Jazz in Bombay was never just about music. It was about aspiration, identity, and belongingness. To blow the trumpet in a smoky ballroom was to be at the crossroads of cultures, to appropriate something alien and Indianize it in one’s own manner. It was about being bold enough to improvise in a city that was itself improvising with modernity.
Remembering the Forgotten Nightclubs
Bombay’s nightclubs are now silent, but their reverberations linger. They recall a city which had danced to the beat of the world, a city which was not afraid to experiment, to accept, and to remake. They remind us that music, as cities, is never still it flows, it curves, it remakes itself with each new generation.

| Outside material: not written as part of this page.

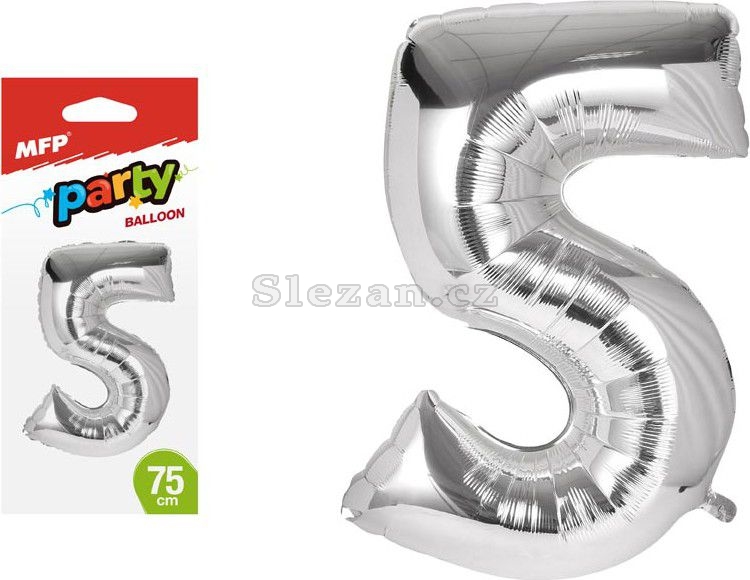 Nafukovací fóliový balónek ve tvaru čísla 5 - Hitem posledních let jsou oblíbené balónky ve tvaru číslic, které oživí celou narozeninovou oslavu a zajisté potěší oslavence. Narozeninová oslava může začít! Balónek je vyroben ze stříbrné fólie. Na horní straně balónku jsou očka na přivázání.

Today, when one listens to a Bollywood brass section or hears the swing of a Goan jazz festival, one can trace a line back to those nights in Marine Drive when Chic Chocolate blew his trumpet and the crowd swayed to a rhythm that belonged to both India and the wider world.
The jazz history of Bombay is therefore not merely about music. It is about the way cultures converge, borders dissolve, and art goes further than men. It is about the city that listened to the world and, for a fleeting and exquisite moment, replied in syncopated beat.